Critical Assessment of Surgical Outcomes and Health Services Research


The practice of surgery has undergone a dramatic evolution over the last century with the availability of new scientific evidence supporting the use of different surgical techniques and management. Central to this mission is the process of critically appraising the surgical evidence base at every opportunity and deciding what can and should be applied to routine clinical practice.

Critical appraisal is defined as the process of carefully and systematically examining research evidence to judge its validity, its value, and its relevance to a particular context. Decisions related to surgical care delivery should be made following a careful assessment of individual patient preferences, clinical experience, and critical appraisal of the evidence in the medical literature. However, given the breadth and complexity of information, surgeons often are challenged to critically evaluate the literature and extrapolate the findings from health services and outcomes studies.

This chapter provides a framework to critically appraise surgical outcomes and health services research. This includes methods to assess the strength of evidence for surgical practices, establish the validity of scientific studies in surgery, and apply evidence-based medicine practices to improve the quality of surgical care.

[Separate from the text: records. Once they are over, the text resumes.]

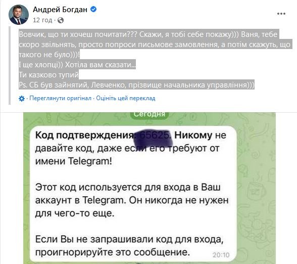 Колишній голова Офісу президента Андрій Богдан заявив, що його обліковий запис у Telegram хотіли зламати. Про це він написав на сторінці у Facebook.
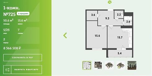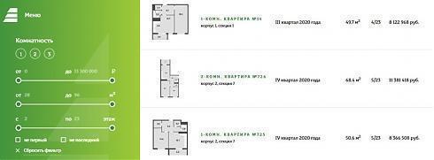 Есть довольно лаконичный, но удобный инструмент подбора квартир по параметрам. Кликнув на вариант, можно не только рассмотреть планировку, но и совершить «виртуальный тур» по квартире.
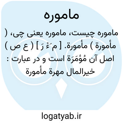 ( مأمورة ) مأمورة. [ م َءْ رَ ] ( ع ص ) اصل آن مُؤمَرَة است و در عبارت: خیرالمال مهرة مأمورة وسکة مأبورة، یعنی بهترین مال، کره ماده است که برکت یافته باشد در نسل و اولاد، برای تبعیت مأبورة؛ مأمورة خوانند و یا بر اصل خود از نصر که لغت غیرفصیح است. ( از منتهی الارب ). مأمورة در عبارت مهرة مأمورة و سکة مأبورة، برای رعایت ازدواج است و اصل، مُؤمَرَة است به معنی بسیار نسل و نتاج. ( از اقرب الموارد ). خیرالمال مهرة مأمورة اوسکة مابورة؛ بهترین مال کره ماده است که برکت یافته باشد در نسل و اولادیا راسته خرمابنان گشن داده شده. ( ناظم الاطباء ).
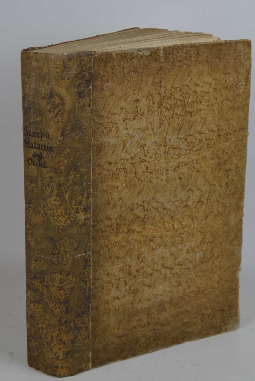 Cm. 31, pp. xi (1) 278 (2). Ritratto inciso dell’autore a piena su una tavola f.t. e 3 tavole ripiegate fuori testo disegnate dello stesso Scarpa ed incise da Faustino Anderloni. Legatura coeva in cart. marmorizzato con dorso ricoperto (posteriormente?) in carta e titolo manoscritto. Esemplare marginoso, stampato su carta forte e ben conservato. Prima rara edizione del primo trattato italiano di oftalmologia. Cfr. Garrison and Morton: "The author has been called the father of Italian ophthalmology".
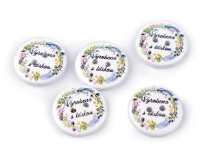 Dřevěné dekorační knoflíky zdobí květinový potisk a nápis "Vyrobeno s láskou". Vyniknou na ručních výrobcích, dárcích a různých dekoracích. Můžete je použít také ve scrapbookingu.
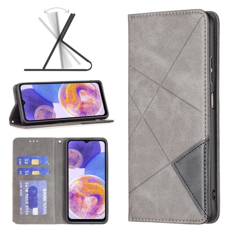 Για Samsung Galaxy A23 5G Prismatic Invisible μαγνητική δερμάτινη θήκη τηλεφώνου (Γκρι)
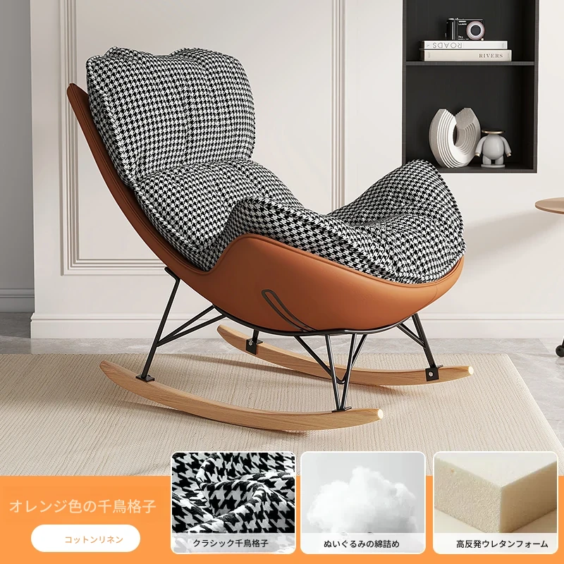 【快適通気コットンリネン】オレンジの千鳥格子+フットレスト☆豪華ビッグサイズ
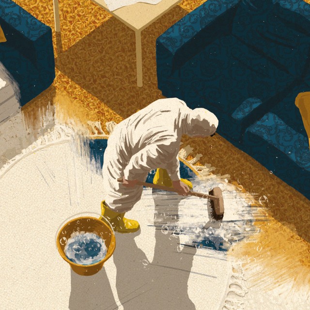 Paqartësia është një shfaqje e ankthit tonë, me sa duket se mund të jemi në gjendje të zbulojmë virusin që del përpara për sa kohë që i mbajmë sipërfaqet tona të pastra. Ndërsa qëndrojmë në shtëpi në pritje të vaksinës, shtëpitë tona janë të mbushura me frikë. Në timen, kjo është më e dukshme nga dera, ku pirgje maskash mjekësore rrinë në një tabaka, që mund të ketë mbajtur një pasaportë ose buzëkuq në ditë më të lumtura.
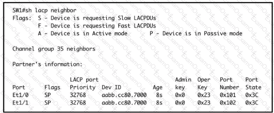 Based on the LACP neighbor status, in which mode is the SW1 port channel configured?

The intent is to provide the reader with conceptual and analytic tools that a modern, evidence-based surgeon needs to navigate the surgical outcomes literature and implement practices that are based on sound science.

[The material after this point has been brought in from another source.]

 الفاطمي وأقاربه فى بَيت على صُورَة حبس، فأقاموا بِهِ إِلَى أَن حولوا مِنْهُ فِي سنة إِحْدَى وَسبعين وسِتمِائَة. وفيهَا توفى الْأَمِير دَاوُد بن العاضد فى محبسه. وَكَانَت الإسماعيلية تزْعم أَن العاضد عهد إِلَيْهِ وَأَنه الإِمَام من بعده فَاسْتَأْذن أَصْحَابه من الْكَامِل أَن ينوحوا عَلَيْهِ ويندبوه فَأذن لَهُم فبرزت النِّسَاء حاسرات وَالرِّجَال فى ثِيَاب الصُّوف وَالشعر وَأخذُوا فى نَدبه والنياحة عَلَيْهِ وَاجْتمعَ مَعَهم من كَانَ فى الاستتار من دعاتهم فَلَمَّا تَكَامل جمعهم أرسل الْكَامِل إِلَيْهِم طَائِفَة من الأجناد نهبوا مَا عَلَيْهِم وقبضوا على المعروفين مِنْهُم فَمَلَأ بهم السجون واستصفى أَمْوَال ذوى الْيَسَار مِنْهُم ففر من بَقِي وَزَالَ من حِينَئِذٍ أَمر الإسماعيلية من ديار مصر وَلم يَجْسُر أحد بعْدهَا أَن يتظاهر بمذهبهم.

Evidence-Based Approach to Surgery

Surgeons must be able to understand the evidence-based medicine process in order to identify, access, apply, and integrate new knowledge into their clinical practice and provide high-quality care for their patients. In practice, evidence-based medicine involves the following three fundamental principles. First, the ability to make optimal clinical decisions requires awareness of the best available research evidence. Second, there must be standards by which to judge whether evidence can be trusted. Third, the quality of evidence for benefit must be weighed against the risks, burdens, and costs associated with alternative management strategies, while simultaneously considering individual patients’ predicaments, values, and preferences. This evidence-based approach to clinical practice can also be remembered by the five A’s—ask, acquire, appraise, apply, and assess ( Fig. 8.1 ). These five steps provide a model for practicing evidence-based medicine that all clinicians are encouraged to use when questions arise during the routine care of patients.

Fig. 8.1, The evidence-based approach to clinical practice.

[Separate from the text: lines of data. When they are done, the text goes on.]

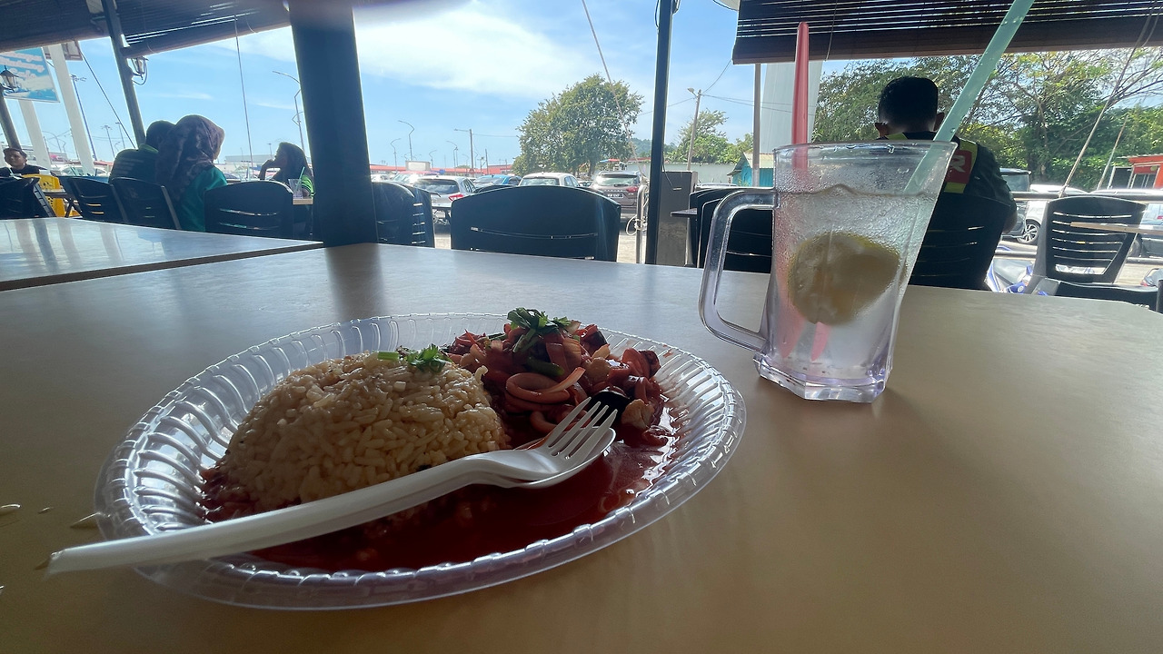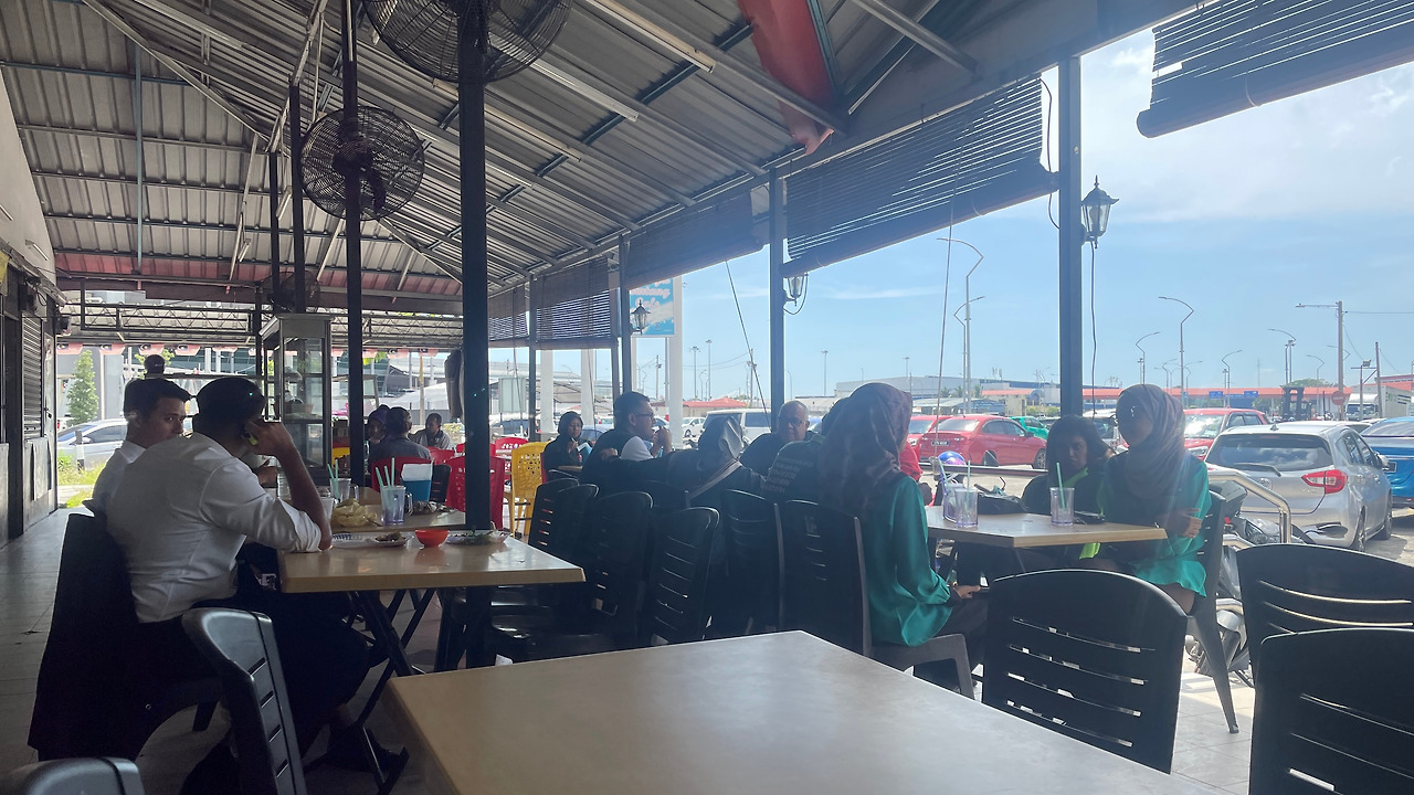 40여분을 달려 13:00에 공항에 도착했다. 아이들은 게임을 하고 17:05분 발 출발을 확인하고 아이들은 점심을 돈킨 도넛으로 먹는다고 하여 하나씩 사주고, 나는 마지막 현지식을 위해 홀로 공항 밖으로 향했다. 가는 날이 장날이라 날씨기 가장 쾌청했다. 구글로 검색하니 공항 주변에 공항직원들과 현지인들이 자주 이용한다는 식당이 있어서 홀로 걸어 식당에 도착했다. 도착한 곳은 하나의 식당이 아닌 고속도로 휴게소처럼 5-6곳의 식당이 운영되고 있었다. 마지막 식사로 나시고랭 젤 비싼 9링깃짜리와 1.8링깃 레모네이드를 주문했다. 실내는 없고 집 밑 테이블에 앉아서 먹는 체계를 갖추고 있었다.
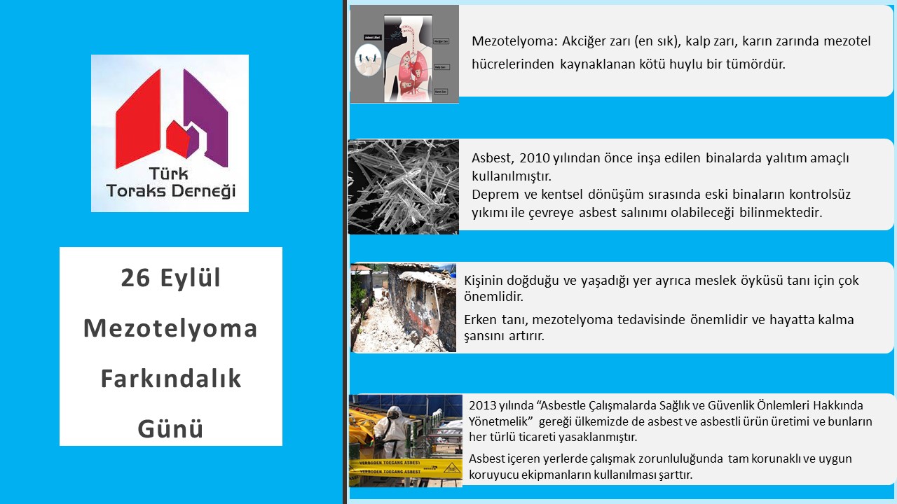 Türk Toraks Derneği Torasik Onkoloji Çalışma Grubu "26 Eylül Mezotelyoma Farkındalık Günü" Basın Bildirisi
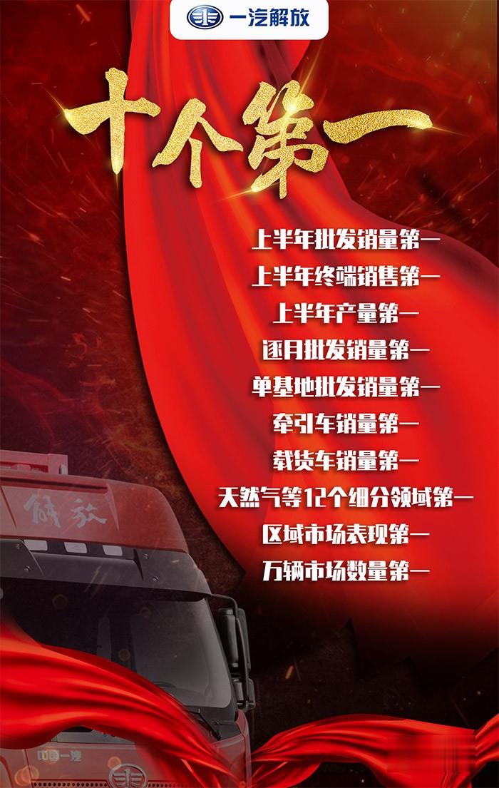 包括:上半年產(chǎn)量、銷量、逐月銷量、單基地銷量都位居行業(yè)第一;同時上半年終端(AAK)銷量、牽引車、載貨車銷量、天然氣等12個細分領(lǐng)域也榮登冠軍寶座;區(qū)域市場表現(xiàn)第一,其中西部和京津冀區(qū)域雙基地超雙萬輛;山東、安徽、山西、河南區(qū)域?qū)崿F(xiàn)整車銷售超萬輛,萬輛市場數(shù)量行業(yè)第一,解放整體表現(xiàn)堪比“國貨之光”!
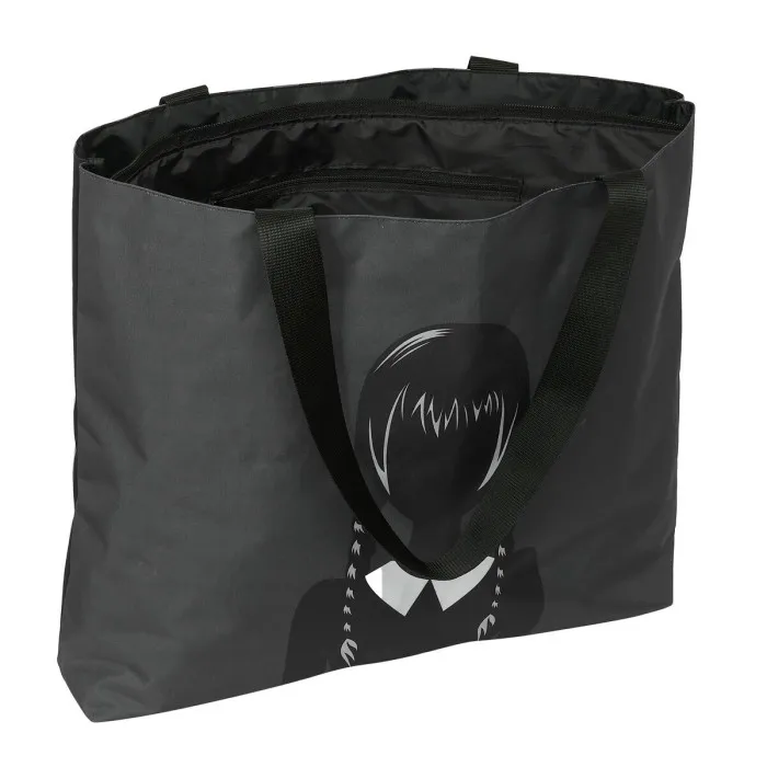 If you're passionate about IT and electronics, the Shopping Bag Wednesday Black 50 x 45 x 10 cm is the perfect companion for your daily adventures. Crafted with a keen eye for functionality and style, this shopping bag amalgamates practicality with contemporary design. The striking black color not only complements any outfit but also makes it an ideal choice for various occasions, whether you're heading to school or out for a casual shopping spree. The spacious dimensions allow you to carry everything you need with ease, while its sleek aesthetic ensures you do so in style.

In everyday surgical practice, the evidence-based medicine process often starts when a surgeon learns about a new procedure or technique that could be used to treat a condition managed by their surgical specialty. The next step is to determine whether any research studies provide evidence that support the efficacy and effectiveness of that new procedure. For a study to provide a high level of evidence, it needs to address a significant clinical problem and provide novel results, extend what was previously known, or describe an innovative procedure that represents an improvement over existing technique. The study should include patients who are likely to be offered the intervention in everyday surgical practice. Moreover, it should focus on surgical treatments or strategies that can be replicated in a real-world clinical setting.

Evaluating Research Study Questions

There are several strategies that surgeons can use to review the literature, evaluate research study questions, and determine whether scientific evidence should be applied to their clinical practice. One strategy for evaluating the implications of a research question is outlined by the mnemonic FINER—feasible, interesting, novel, ethical, and relevant. FINER provides a framework that prompts the reader to ask several important questions when considering a research study. Is the study feasible and adequately powered to answer the specific research question? Does the study address a topic that is interesting to the surgical community? Is the research novel or innovative, and does the study meet all ethical standards of research conduct? Finally, do the results from the study change surgical practice or policy, and do they merit further scientific research or evidence.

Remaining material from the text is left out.